A seleção brasileira de ginástica rítmica agora tem entre 15 e 20 profissionais trabalhando com o conjunto e as ginastas do individual.

“A gente vai ganhando mais recursos para fazer nosso planejamento ideal. Nunca participamos tanto de Copa do Mundo, eventos internacionais, como agora. E dessa forma a gente vai construindo a nota ao longo das competições. Nosso trabalho aparece mais”, comentou Camila.

Durante a pandemia, os profissionais da seleção se acostumaram a trabalhar com ferramentas de troca de mensagens e de chamadas de vídeo para fazerem as análises das apresentações de acordo com o código da FIG (Federação Internacional de Ginástica).

“Temos um grupo de metas no qual damos feedback sobre as coreografias, o nosso árbitro viaja e explica o porquê das notas. A nossa ginástica é muito complicada.”

A experiência do conjunto brasileiro, cuja base permaneceu após Tóquio, também é positiva, de acordo com Camila.

“Elas eram jovens em Tóquio, nunca viveram uma Olimpíada, ainda mais na pandemia. Foi difícil o primeiro ciclo com elas, mas elas terem permanecido foi algo que contribuiu com os resultados de agora.”

Uma nova cultura na ginástica

O foco na saúde mental das atletas afetou especialmente a ginástica rítmica, de acordo com Camila, que já esteve do outro lado da relação atleta-treinador.

“A sociedade mudou, melhorou e está focando mais nessa parte [de saúde mental]. Mudamos muitos conceitos na ginástica, formas de trabalhar. As meninas amam o que fazem, treinam felizes e contam com uma psicóloga”, disse.

“A base de tudo é o diálogo. Nós temos conversado muito. A gente se reúne com as meninas todos os dias durante competição, conversa sobre tudo.
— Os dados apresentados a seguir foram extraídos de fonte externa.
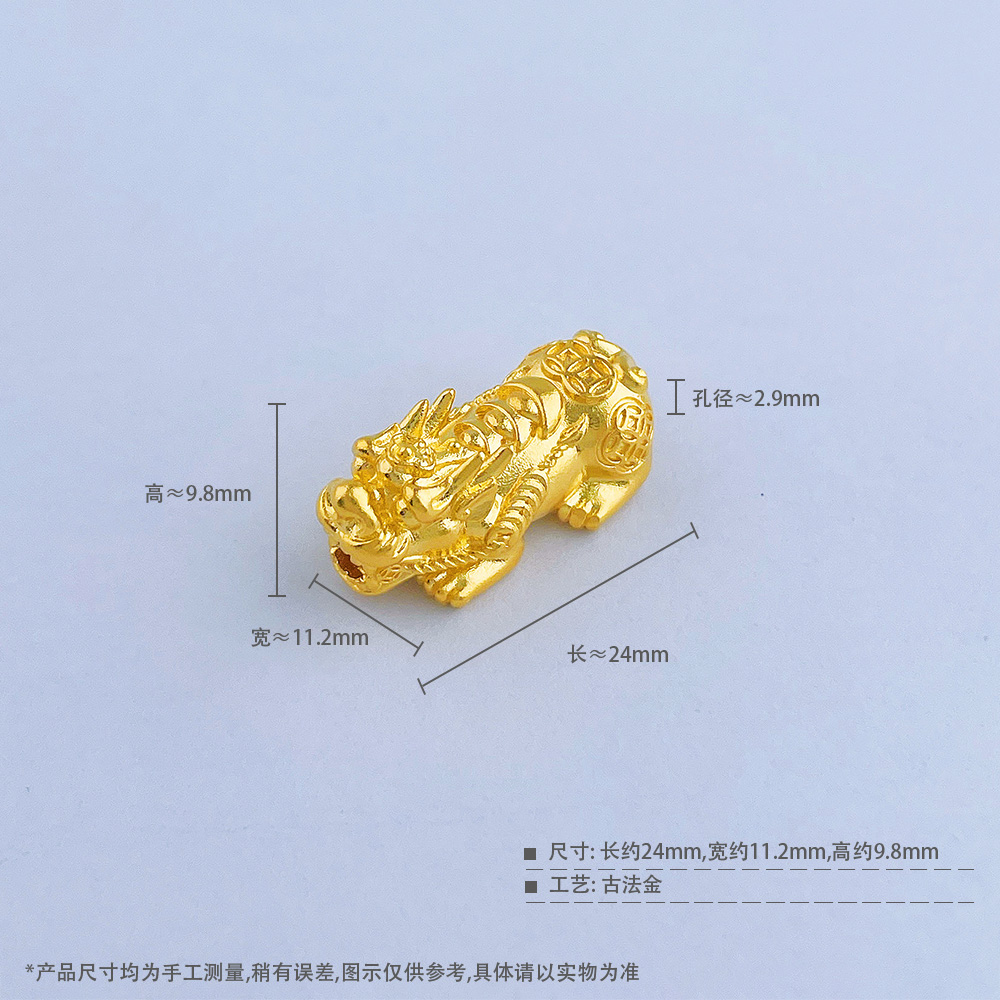 【限时7.5折】【定价黄金】足金999 #超轻 古法空心元宝招财纳福貔貅手串配件Diy吊坠手串配件(YQGFSC00190)预售产品下单后不退款不退货不换货不补差价

No passado, a gente não se comunicava tanto. Era só mandar e repetir. Conseguimos unir meninas que querem muito chegar na Olimpíada e sabem que há sacrifícios, mas também tem glórias que duram o resto da vida.”

Próximos passos da ginástica rítmica brasileira

O próximo desafio do Brasil é a World Challenge Cup em Portimão, Portugal, entre 5 e 7 de maio. Mais um passo rumo ao maior sonho, estar no pódio no Mundial em agosto e em Paris 2024.

“Temos uma boa [nota de] dificuldade, meninas experientes, artístico bom. É questão de alinhar a execução e a preparação mental”, resumiu Camila.

“A gente está no páreo. Vamos trabalhar para conseguir uma medalha. É difícil? Muito. Temos cinco vagas agora no Campeonato Mundial e sonhamos com uma medalha nesse torneio. Pela primeira vez, podemos sonhar com isso. E se sonhamos no Mundial, por que não em Paris? Estamos com o pé no chão, mas estamos na briga."